How To Use IMPORTRANGE in Google Sheets

Learn how to use the IMPORTRANGE function in Google Sheets in this simple step by step tutorial.

IMPORTRANGE in Google Sheets

There is often a need to mix data from different spreadsheets.

With the IMPORTRANGE function, you can import data (range of cells) across multiple spreadsheets and you can avoid spending a lot of time manually copying big amounts of data from one spreadsheet to another.

What is the IMPORTRANGE Function?

The IMPORTRANGE function has the following syntax:

=IMPORTRANGE(spreadsheet_url, range_string)

The first argument, spreadsheet_url, is the URL of the spreadsheet from which you want to import. You can copy it from the search bar of the browser.

It doesn’t have to your own Google Sheets document. It can belong to someone else, but you need to have permission to access it.

The second argument, range_string, is the data that you want to import from another spreadsheet.

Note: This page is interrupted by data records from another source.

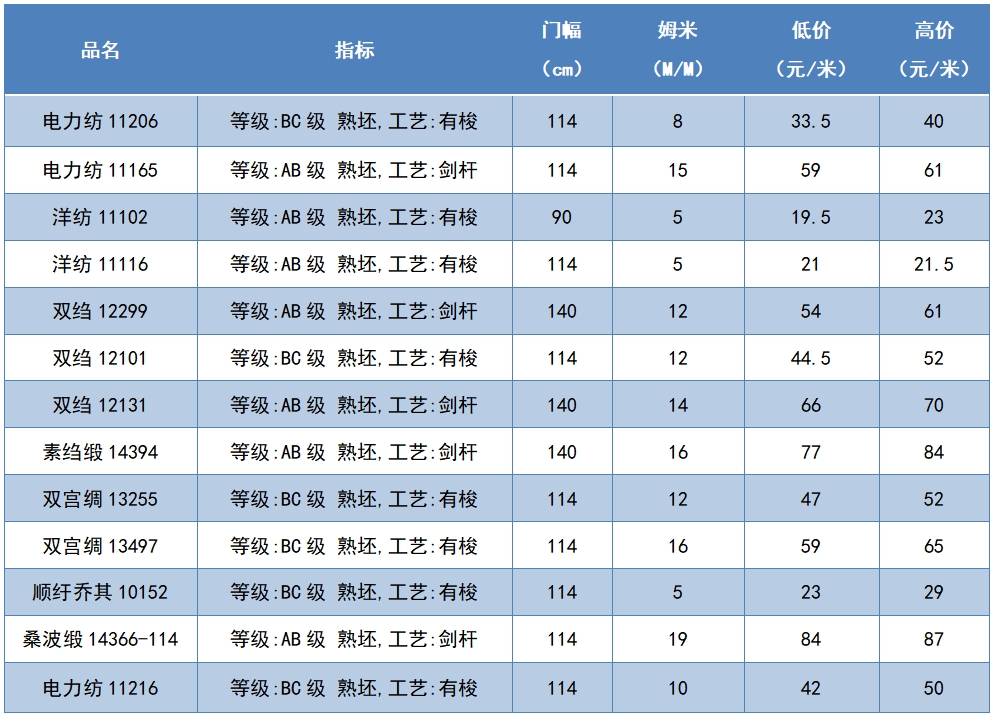 本周綢緞指數(shù)協(xié)作單位成交價格區(qū)間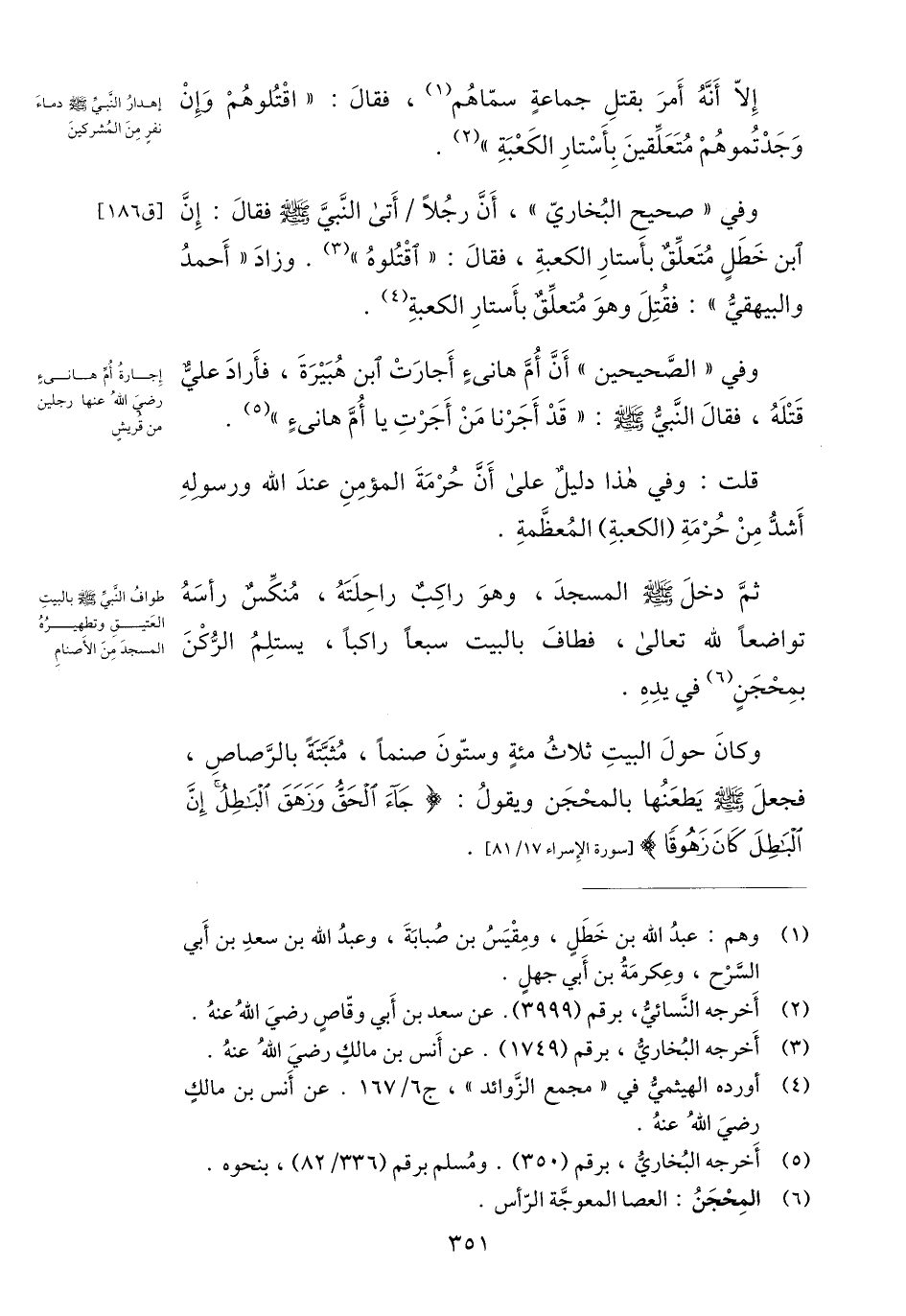 إلّا أنّه أمر بقتل جماعة سمّاهم «1» ، فقال: «اقتلوهم وإن وجدتموهم متعلّقين بأستار الكعبة» «2» .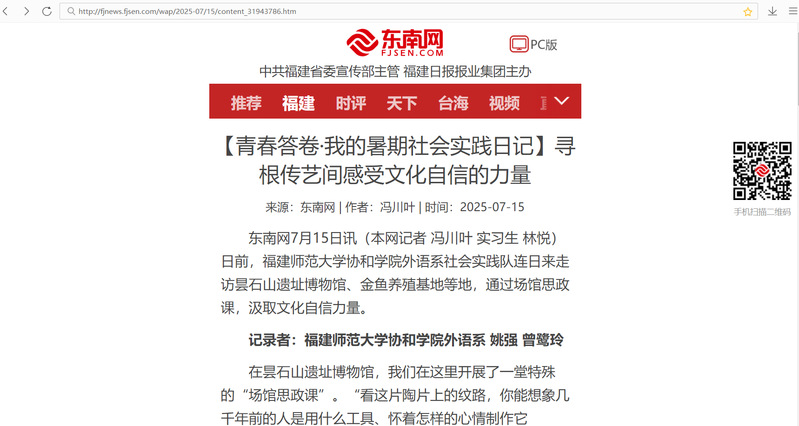 东南网7月15日讯(本网记者 冯川叶 实习生 林悦)日前,福建师范大学协和学院外语系社会实践队连日来走访昙石山遗址博物馆、金鱼养殖基地等地,通过场馆思政课,汲取文化自信力量。 记录者:福建师范大学协和学院外语系 姚强 曾鹭玲 在昙石山遗址博物馆,我们在这里开展了一堂特殊的“场馆思政课”。“看这片陶片上的纹路,你能想象几千年前的人是用什么工具、怀着怎样的心情制作它吗?”该校马克思主义学院雷媛媛老师的发文引发了我们的思考。“以前在课本上看到‘新石器时代’感觉很遥远,”队员小陈表示,“但今天亲眼看到这些带着新石器居民‘指纹’的陶片,觉得历史活了!”“雷老师说这是文化的‘源代码’,是自信的根,”队员小李说,“我一下子就体会到了那种沉甸甸的分量。感觉像给我们的文化基因做了一次深度‘扫描’。也更明白作为外语专业学子,向外传播时背后的底气从哪里来。” 第二站,我们来到潘氏金鱼养殖基地。一池池碧水中,色彩斑斓、形态各异的金鱼优雅游弋,瞬间点燃了我们的热情。“哇!快看这条,真的像熊猫!”“这个头上顶着‘皇冠’!”队员们兴奋地指着水中精灵。省级非遗“福州观赏金鱼培育技艺”传承人潘师傅向队员们详细介绍了“熊猫蝶尾”“皇冠珍珠”等特色品种的培育技艺。 “原来养鱼不仅是技术活,更是艺术活,”队员们感叹道,“是几百年传下来的‘指尖功夫’!更可贵的是,这门手艺还成了村里的‘致富密码’。我们一边拍照一边讨论:谁说传统没市场?这“水中牡丹”游出了新路子,乡村振兴的密码,原来就藏在老祖宗的审美和匠心里。 我们实践的最后一站来到旗山文城社区。在这里,我们和三十多位社区小朋友齐聚一堂。这一次,我们要扮演的是文化的使者。 我们把这几天的所见所闻讲给小朋友们听。我们跟小朋友讲昙石山的故事,讲金鱼怎么变成‘艺术品’。看着他们好奇的眼神、开心的笑脸,突然觉得,这几天晒的太阳、流的汗,值了!我们把古老的故事、精湛的手艺、伟大的精神,用我们能想到的最有趣的方式,‘种’进下一代的心田里。 |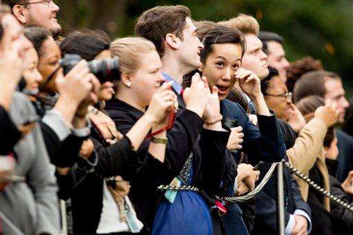 Visitors to the South Lawn of the White House watch as Marine One, carrying President Barack Obama departs from the White House in Washington, Monday, Nov. 2, 2015, for a short trip to Andrews Air Force Base, Md., on his way to Newark, N.J. Obama will spend the day highlighting the re-entry process of formerly incarcerated individuals back into society. (AP Photo/Andrew Harnik)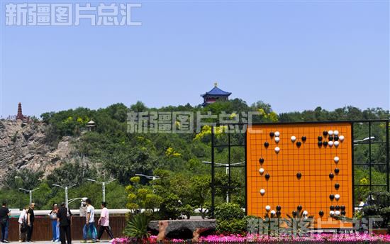 乌鲁木齐市西大桥上围棋棋盘主题花堆(2023年6月16日摄)。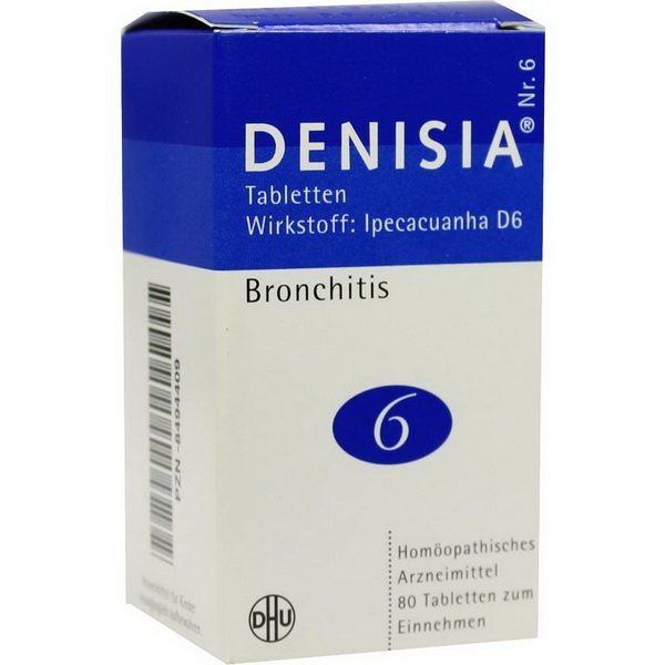 Denisia Nr. 6 wird bei Atemwegserkrankungen eingesetzt, die durch ein starkes Beklemmungs- und Erstickungsgefühl geprägt sind. Die Atmung ist schwer und keuchend, der Schleim in den Bronchien kann nicht abgehustet werden. Häufig verschlechtern sich die Beschwerden nachts.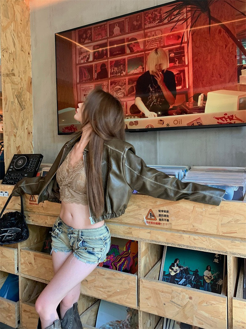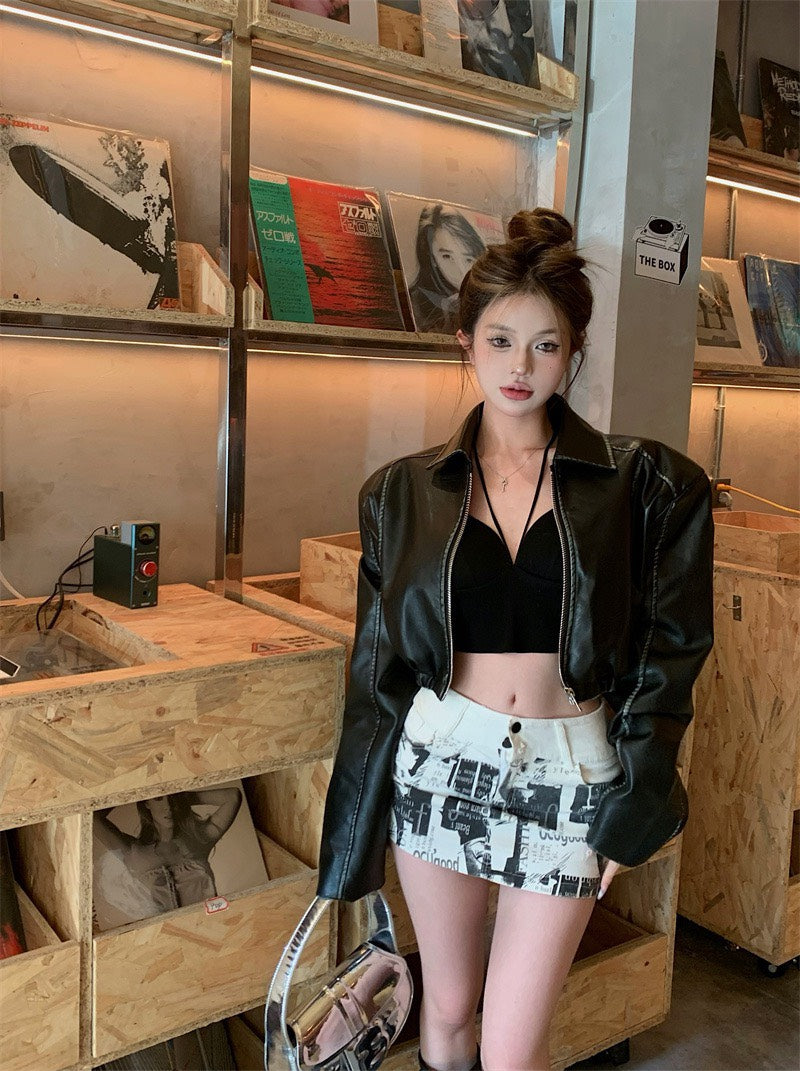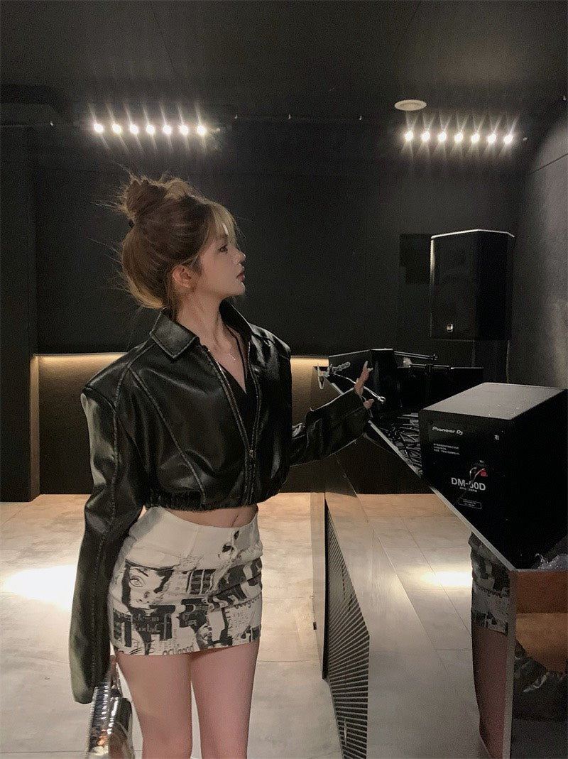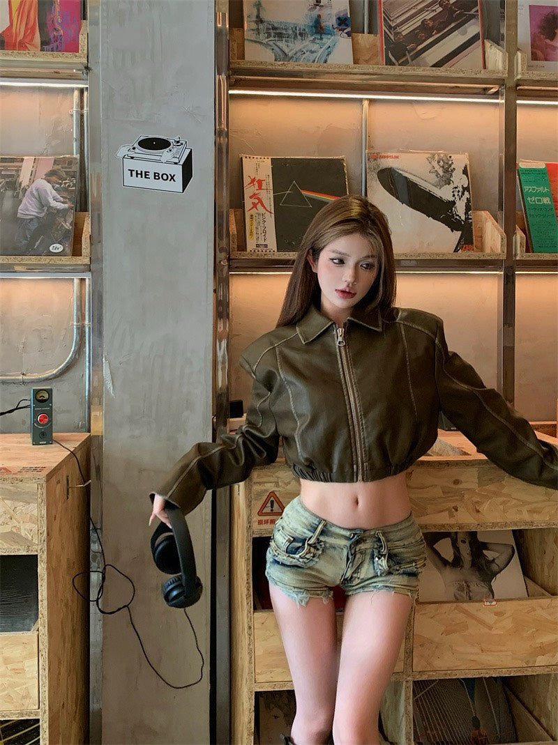NA+ 皮衣辣妹 重磅短款復古皮外套 咖/黑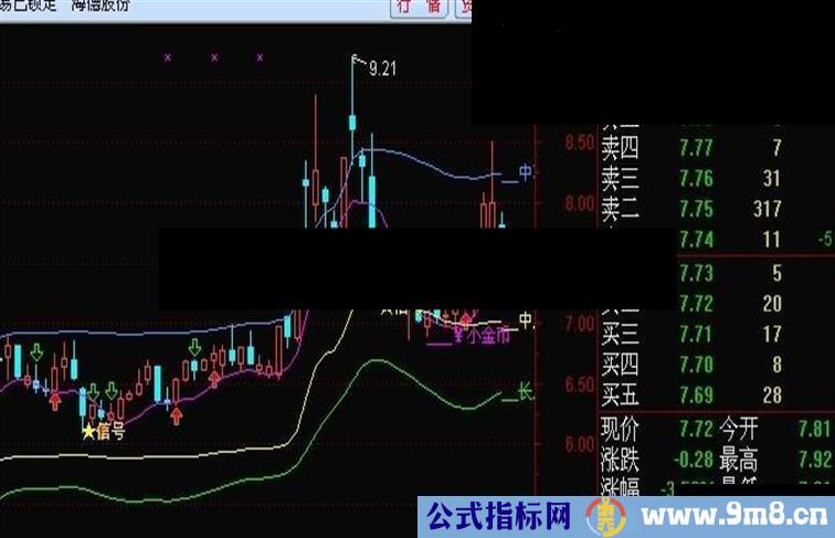跌穿中轨:=O<短底 AND O<中底 AND O>长底;

You have to write it in the following format: “Name_of_the_sheet!cells”. So it’s the name of the tab found on the bottom (Sheet1, Sheet2, and so on by default) followed by a ‘!’ character and the range of cells that you want to import.

When to use IMPORTRANGE for marketing stuff?

  • Combining multiple Google Sheets.
  • Pulling reporting data from different sheets

How To Use The IMPORTRANGE Function in Google Sheets

The IMPORTRANGE function allows you to import a range of cells from a specified spreadsheet – this data will then automatically update across all linked sheets.

Formula: =IMPORTRANGE(“spreadsheet_url” , “range_string“)

For example:

There are two parts to this formula:

  1. URL of the spreadsheet to be imported ( in this case:
  2. String specifying the range to be imported. (in this case: Sheet1!A2:A9)

You can pull in anything that is stored in another Google Sheet, like an Ahrefs keyword research export, backlink data, a Screaming Frog crawl or Search Console export.

If it’s in a sheet in one place, you can use IMPORTRANGE to pull it into wherever you want (providing its’s a Google Sheet obviously)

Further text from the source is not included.